§ Exercise directions
Transcribe the records that follow in their entirety, omitting any pictures.
Top of Provided data
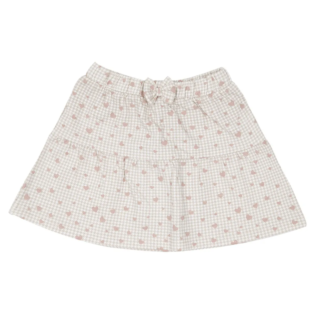 Gonna felpata da bambina. Il capo si presenta in colorazione di base beige trama a quadri e stampa allover cuoricini. Modello a balze morbide, con fiocchetto decorativo in girovita. Accessori non in vendita. La confezione contiene solo il capo d’abbigliamento
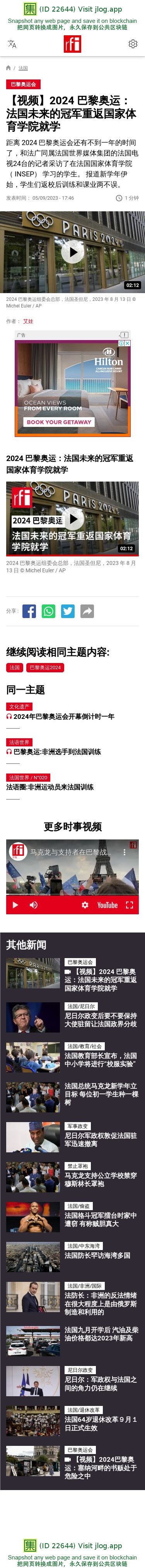 新闻原始地址:https://www.rfi.fr/cn/%E6%B3%95%E5%9B%BD/20230905-%E8%A7%86%E9%A2%91-2024-%E5%B7%B4%E9%BB%8E%E5%A5%A5%E8%BF%90-%E6%B3%95%E5%9B%BD%E6%9C%AA%E6%9D%A5%E7%9A%84%E5%86%A0%E5%86%9B%E9%87%8D%E8%BF%94%E5%9B%BD%E5%AE%B6%E4%BD%93%E8%82%B2%E5%AD%A6%E9%99%A2%E5%B0%B1%E5%AD%A6
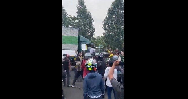 Tampak juga puluhan orang menaiki truk, menarik sang sopir keluar. Sopir truk lantas diamuk massa hingga terkapar.
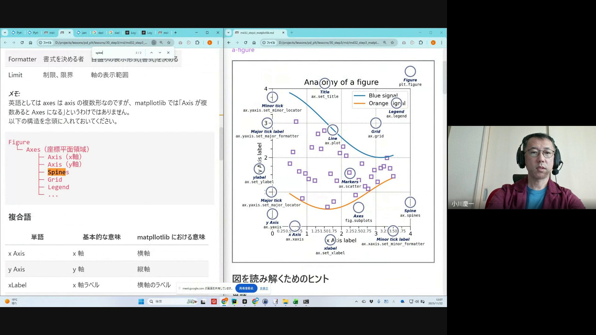 Matplotlibの基本構造(Figure、Axes、Plot)の説明と、スパイン、ラベル、グリッド、フォーマッターなどの基本用語の紹介。実際のデモを通じてグラフのカスタマイズ方法を学習。
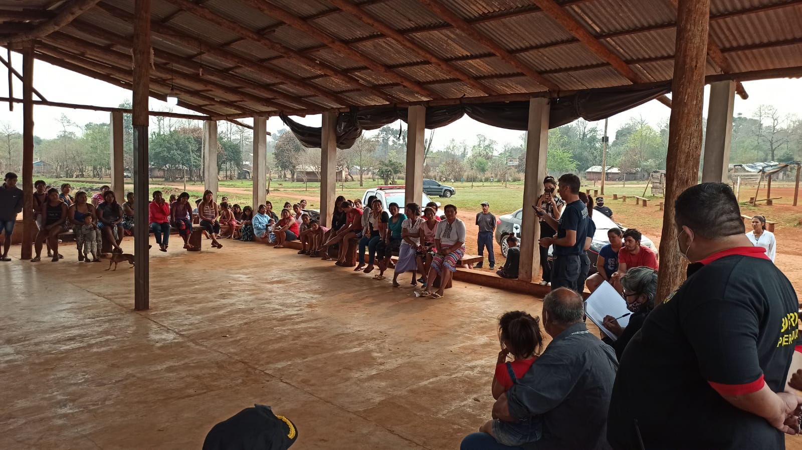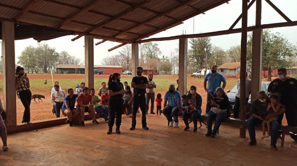 En la mañana de hoy, en el salón de usos múltiples de la Aldea ubicada en la zona de las 2000 hectáreas de esta ciudad, la policía junto al cuerpo activo de Bomberos voluntarios del municipio llegaron hasta la aldea Fortín Mbororé el marco de la ardua labor que llevan adelante institución y organismo.
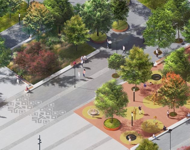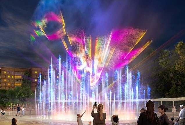 Площадь более чем в 3 гектара планируют разделить на несколько функциональных зон. В центре сквера будет установлен мультимедийный фонтанный комплекс, который планируют оснастить видеопроектором и лазерной системой для проецирования изображения на воду. Территория будет функционировать круглогодично - зимой здесь можно будет полюбоваться «зеленой красавицей» и покататься на коньках. В одной части сквера будет детская игровая площадка и зона активного спортивного отдыха, другую часть сделают рекреационной с организацией мобильного ритейла (не совсем представляем, как это будет выглядеть, потому что интернет-магазин в сквере - что-то новенькое), буккросингом (обменом книгами) и зоной тихого отдыха. Фонари, озеленение - все, как и положено, проект тоже предусматривает. Обновить планируют и входные группы подземного пешеходного перехода поблизости - на остановке "Молодежной". Проектировщикам дали на заседании также задание проработать парковки и покрытие катка.
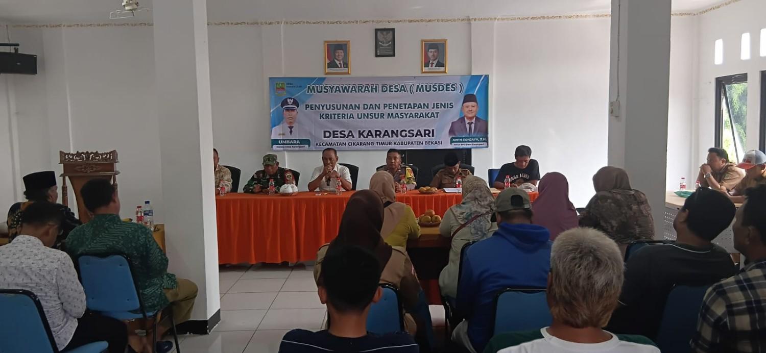 kegiatan yang dimulai pukul 14.00 WIB ini dihadiri oleh sekitar 100 peserta, termasuk Kepala Desa Karangsari, Umbara, Ketua BPD Aswin Sonjaya, serta jajaran tokoh masyarakat. Dalam rapat tersebut, ditetapkan bahwa masing-masing dari 21 RT di Desa Karangsari akan diwakili oleh empat orang—terdiri dari tiga laki-laki dan satu perempuan—dengan kriteria yang mencakup tokoh masyarakat, tokoh agama, tokoh pendidikan, dan perwakilan perempuan.
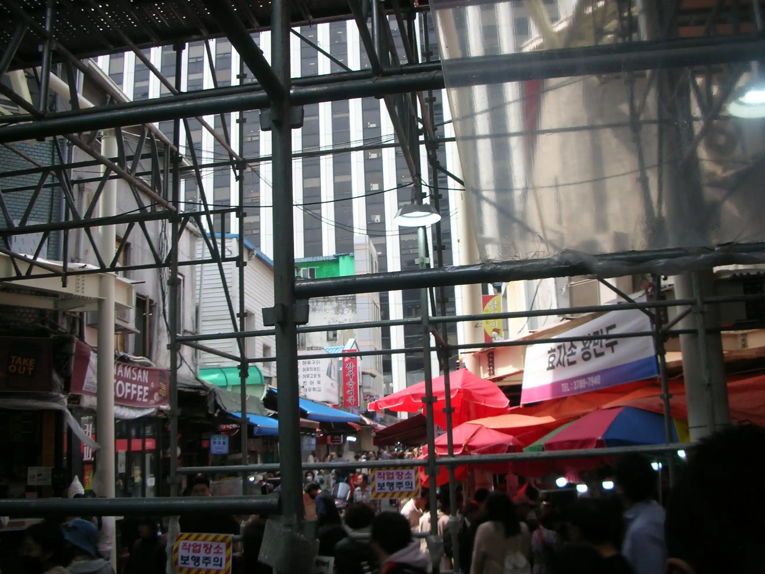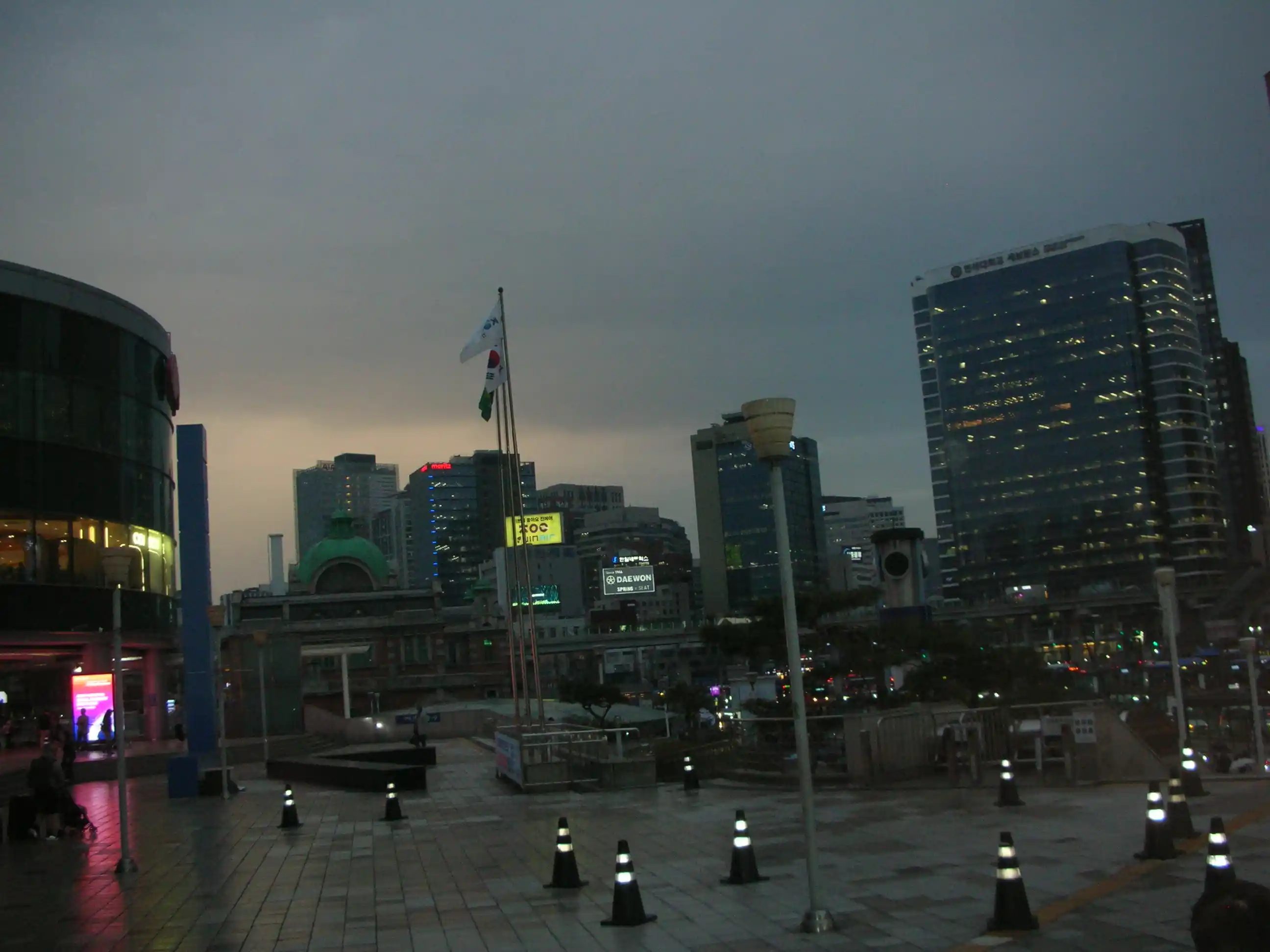 Nach dem Regen spiegeln sich die Lichter im asphalt. Zum Abendbrot gab es Bulgogi Whopper und Spicy Chicken Burger von Burger King, weil alle müde und ungedludig geworden sind. Dann haben wir Zugtickets für Freitag gekauft und sind mit dem Bus nach Myeongdong gefahren.
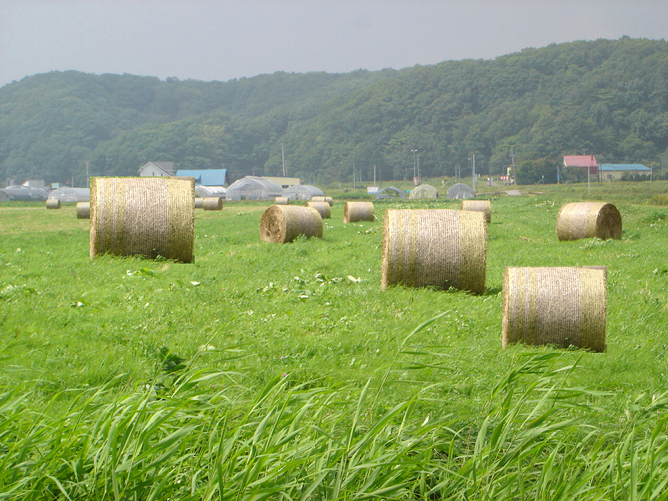 The three hay rolls project the same retinal size, but the leftmost one appears to be the largest and the rightmost one the smallest.
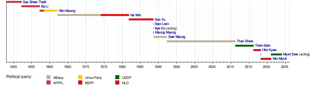2 March 1962 | 2 March 1974 | 12 years | Military / Burma Socialist Programme Party |
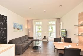 Sie wohnen in einer stilvoll eingerichteten Wohnung mit Blick zur Ostsee, den Kreidefelsen und einer Minute Gehweg zum Strand.
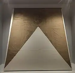 A banner of arms is a square or oblong heraldic flag that is larger than a pennon. It bears the entire coat of arms of the owner, composed precisely as upon a shield but in a square or rectangular shape. Banners of knights of the Order of the Garter are displayed during their lifetime at St George's Chapel in Windsor.[8] From Victorian times, Garter banners have been approximately 5 feet by 5 feet[9] and have a fringe. Reigning European monarchs are admitted to the Order as "Strangers". Juan Carlos I and his successor Felipe VI are concurrently Stranger Knights of the Garter. The Spanish monarch's banner (like the arms) is divided into four quarters: the 1st for Castile, 2nd for León, 3rd for Aragon and 4th for Navarre; enté en point, with a pomegranate for Granada and an inescutcheon with the arms of the regnant House of Bourbon-Anjou. The fringe is golden, as for other foreign monarchs and British Royal Family members.[10]
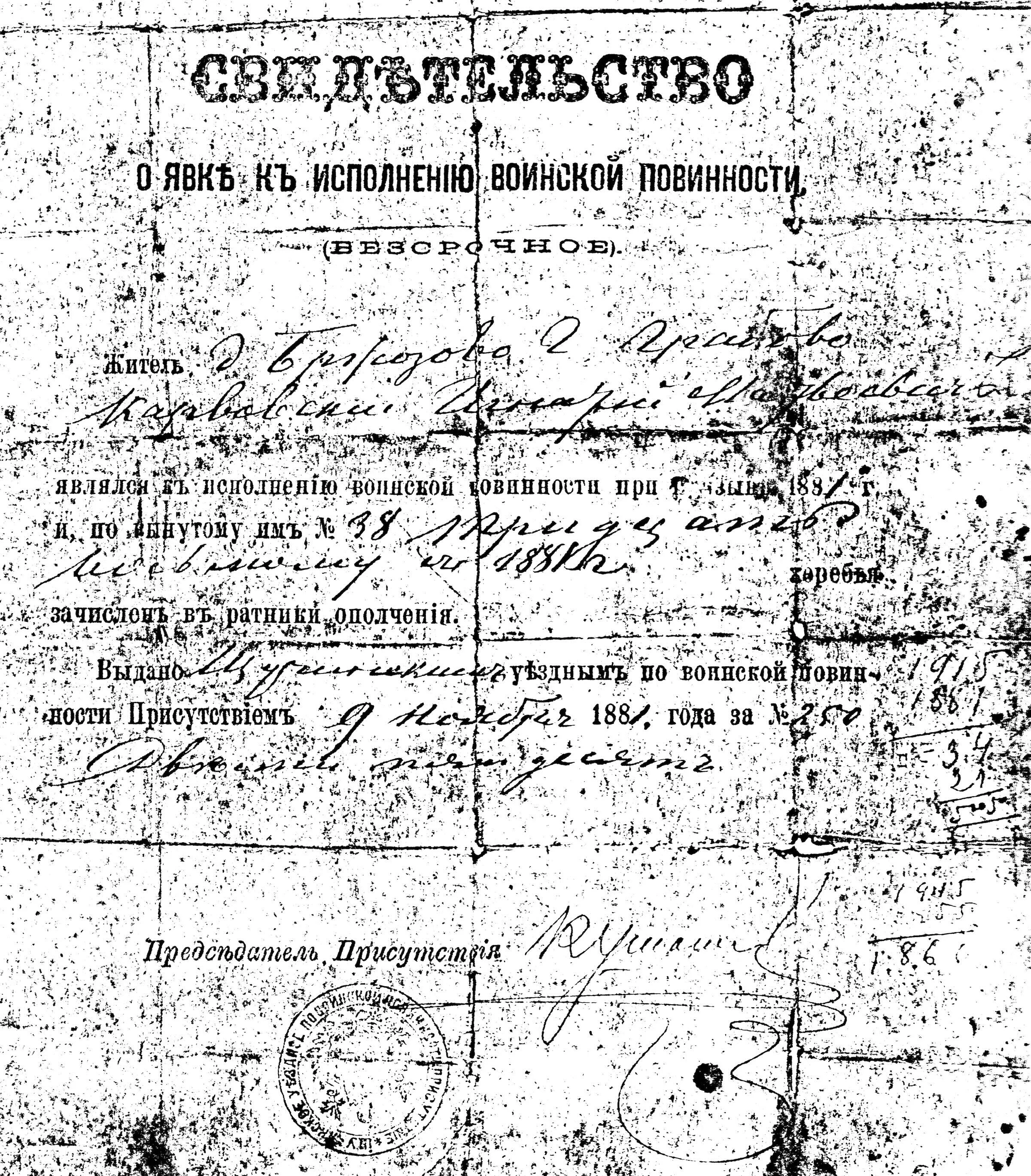 Another question I have is about the Russian military document. Was it required for him to register at a certain age, and therefore can I infer the year he was born?
Bottom of Provided data
§ Task solution
 Gonna felpata da bambina. Il capo si presenta in colorazione di base beige trama a quadri e stampa allover cuoricini. Modello a balze morbide, con fiocchetto decorativo in girovita. Accessori non in vendita. La confezione contiene solo il capo d’abbigliamento
 新闻原始地址:https://www.rfi.fr/cn/%E6%B3%95%E5%9B%BD/20230905-%E8%A7%86%E9%A2%91-2024-%E5%B7%B4%E9%BB%8E%E5%A5%A5%E8%BF%90-%E6%B3%95%E5%9B%BD%E6%9C%AA%E6%9D%A5%E7%9A%84%E5%86%A0%E5%86%9B%E9%87%8D%E8%BF%94%E5%9B%BD%E5%AE%B6%E4%BD%93%E8%82%B2%E5%AD%A6%E9%99%A2%E5%B0%B1%E5%AD%A6
 Tampak juga puluhan orang menaiki truk, menarik sang sopir keluar. Sopir truk lantas diamuk massa hingga terkapar.
 Matplotlibの基本構造(Figure、Axes、Plot)の説明と、スパイン、ラベル、グリッド、フォーマッターなどの基本用語の紹介。実際のデモを通じてグラフのカスタマイズ方法を学習。
 En la mañana de hoy, en el salón de usos múltiples de la Aldea ubicada en la zona de las 2000 hectáreas de esta ciudad, la policía junto al cuerpo activo de Bomberos voluntarios del municipio llegaron hasta la aldea Fortín Mbororé el marco de la ardua labor que llevan adelante institución y organismo.
 Площадь более чем в 3 гектара планируют разделить на несколько функциональных зон. В центре сквера будет установлен мультимедийный фонтанный комплекс, который планируют оснастить видеопроектором и лазерной системой для проецирования изображения на воду. Территория будет функционировать круглогодично - зимой здесь можно будет полюбоваться «зеленой красавицей» и покататься на коньках. В одной части сквера будет детская игровая площадка и зона активного спортивного отдыха, другую часть сделают рекреационной с организацией мобильного ритейла (не совсем представляем, как это будет выглядеть, потому что интернет-магазин в сквере - что-то новенькое), буккросингом (обменом книгами) и зоной тихого отдыха. Фонари, озеленение - все, как и положено, проект тоже предусматривает. Обновить планируют и входные группы подземного пешеходного перехода поблизости - на остановке "Молодежной". Проектировщикам дали на заседании также задание проработать парковки и покрытие катка.
 kegiatan yang dimulai pukul 14.00 WIB ini dihadiri oleh sekitar 100 peserta, termasuk Kepala Desa Karangsari, Umbara, Ketua BPD Aswin Sonjaya, serta jajaran tokoh masyarakat. Dalam rapat tersebut, ditetapkan bahwa masing-masing dari 21 RT di Desa Karangsari akan diwakili oleh empat orang—terdiri dari tiga laki-laki dan satu perempuan—dengan kriteria yang mencakup tokoh masyarakat, tokoh agama, tokoh pendidikan, dan perwakilan perempuan.
 Nach dem Regen spiegeln sich die Lichter im asphalt. Zum Abendbrot gab es Bulgogi Whopper und Spicy Chicken Burger von Burger King, weil alle müde und ungedludig geworden sind. Dann haben wir Zugtickets für Freitag gekauft und sind mit dem Bus nach Myeongdong gefahren.
 The three hay rolls project the same retinal size, but the leftmost one appears to be the largest and the rightmost one the smallest.
2 March 1962 | 2 March 1974 | 12 years | Military / Burma Socialist Programme Party |
 Sie wohnen in einer stilvoll eingerichteten Wohnung mit Blick zur Ostsee, den Kreidefelsen und einer Minute Gehweg zum Strand.
 A banner of arms is a square or oblong heraldic flag that is larger than a pennon. It bears the entire coat of arms of the owner, composed precisely as upon a shield but in a square or rectangular shape. Banners of knights of the Order of the Garter are displayed during their lifetime at St George's Chapel in Windsor.[8] From Victorian times, Garter banners have been approximately 5 feet by 5 feet[9] and have a fringe. Reigning European monarchs are admitted to the Order as "Strangers". Juan Carlos I and his successor Felipe VI are concurrently Stranger Knights of the Garter. The Spanish monarch's banner (like the arms) is divided into four quarters: the 1st for Castile, 2nd for León, 3rd for Aragon and 4th for Navarre; enté en point, with a pomegranate for Granada and an inescutcheon with the arms of the regnant House of Bourbon-Anjou. The fringe is golden, as for other foreign monarchs and British Royal Family members.[10]
 Another question I have is about the Russian military document. Was it required for him to register at a certain age, and therefore can I infer the year he was born?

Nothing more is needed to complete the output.